Bhushan flashed out all his mulberry-smeared teeth. “Yes, and you won’t believe what it is.”
He straightened his chest, and proudly pulled a wristwatch from the pockets of his shorts. It had a round and fairly big dial for an eleven-year-old’s thin wrist, with small lines instead of numbers and arrow-shaped hands. The strap was made of thin black leather.
“It’s exactly like the one father wears”, Bhushan exclaimed. “Do you know what this means, Farooq? It means I’m a grown up! See, grown-ups are not given toys. They are given these watches with round dials. Father knows I’m smart enough to figure out the time without the numbers. He knows I’m the smart one of them all.”
Farooq grinned back at him. “Of course, you’re the smartest. But hey, grown-ups don’t pick mulberries from trees and eat them right there, either. They don’t play in their backyards. Go home and read the newspaper, why don’t you?” Farooq snickered teasingly through the speech, and stuck his tongue out to Bhushan after that.
Bhushan’s chest slumped a little, and the smirk finally disappeared from his face. “You know what? You’re right. From now on, I’m going to act like a grown up, too. Come and join me so that you get your own watch,” he said, rushing angrily through the words while trying to deepen his voice. Then, he dropped the mulberries on the ground, stomped over them, and walked towards his house. He did not realise that Farooq wasn’t following him. He kept the watch on his wrist the entire day, and went to sleep, content, after keeping it besides his pillow.
He woke up and found the watch gone. Farooq was obviously there handing him mulberries that afternoon, after Bhushan had had the entire house search by all of his siblings and had cried to no end.

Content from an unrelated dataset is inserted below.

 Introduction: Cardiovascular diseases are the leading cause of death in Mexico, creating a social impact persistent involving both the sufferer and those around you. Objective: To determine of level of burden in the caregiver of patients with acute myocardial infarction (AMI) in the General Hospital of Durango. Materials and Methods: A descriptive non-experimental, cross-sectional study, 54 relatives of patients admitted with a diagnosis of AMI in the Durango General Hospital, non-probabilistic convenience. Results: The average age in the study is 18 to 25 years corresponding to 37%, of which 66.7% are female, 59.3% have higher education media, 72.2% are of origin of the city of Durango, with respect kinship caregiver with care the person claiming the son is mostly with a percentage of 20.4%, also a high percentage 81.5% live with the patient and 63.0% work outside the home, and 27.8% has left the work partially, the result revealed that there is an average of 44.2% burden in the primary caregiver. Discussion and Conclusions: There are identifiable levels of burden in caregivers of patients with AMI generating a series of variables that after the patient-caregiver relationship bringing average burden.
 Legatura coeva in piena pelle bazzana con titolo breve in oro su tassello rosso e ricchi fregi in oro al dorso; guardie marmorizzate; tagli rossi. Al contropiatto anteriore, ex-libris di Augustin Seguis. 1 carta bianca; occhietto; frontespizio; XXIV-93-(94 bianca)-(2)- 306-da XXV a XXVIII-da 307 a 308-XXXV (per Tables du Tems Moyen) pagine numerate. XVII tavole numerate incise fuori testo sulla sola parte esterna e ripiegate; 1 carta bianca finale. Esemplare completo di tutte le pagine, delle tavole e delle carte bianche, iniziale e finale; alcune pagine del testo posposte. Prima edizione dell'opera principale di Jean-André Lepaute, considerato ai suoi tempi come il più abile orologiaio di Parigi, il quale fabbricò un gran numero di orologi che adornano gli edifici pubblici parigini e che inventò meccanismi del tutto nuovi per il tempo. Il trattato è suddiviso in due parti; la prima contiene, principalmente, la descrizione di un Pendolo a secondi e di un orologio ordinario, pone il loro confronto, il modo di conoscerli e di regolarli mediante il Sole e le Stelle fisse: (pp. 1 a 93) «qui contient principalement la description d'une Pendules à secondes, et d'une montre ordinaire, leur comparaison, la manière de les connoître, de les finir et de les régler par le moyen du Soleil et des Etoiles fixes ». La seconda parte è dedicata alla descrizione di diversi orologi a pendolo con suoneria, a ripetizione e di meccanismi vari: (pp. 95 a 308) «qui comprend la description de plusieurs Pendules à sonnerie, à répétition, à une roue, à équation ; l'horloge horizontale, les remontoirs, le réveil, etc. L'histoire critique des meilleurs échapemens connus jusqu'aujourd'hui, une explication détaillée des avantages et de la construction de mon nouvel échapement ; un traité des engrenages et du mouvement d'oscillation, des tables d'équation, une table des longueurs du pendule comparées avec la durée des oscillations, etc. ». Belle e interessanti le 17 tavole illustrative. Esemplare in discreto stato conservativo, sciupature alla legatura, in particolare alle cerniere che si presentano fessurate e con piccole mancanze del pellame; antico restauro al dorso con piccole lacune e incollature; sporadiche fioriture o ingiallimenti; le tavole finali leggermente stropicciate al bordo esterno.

Farooq had lost his mother, a sister and two brothers when he had travelled to Lahore a few years after that, when they had started settings houses everywhere on fire. He had found Bhushan Singh’s phone number only ten years ago, and they had never missed a day of their hourly phone calls, even when Farooq got really sick.
He was the younger one, Bhushan Singh thought that afternoon in Delhi. He was the stupider one.
Bhushan Singh went to the loo and never called his son to ask him to arrange his trip to Lahore.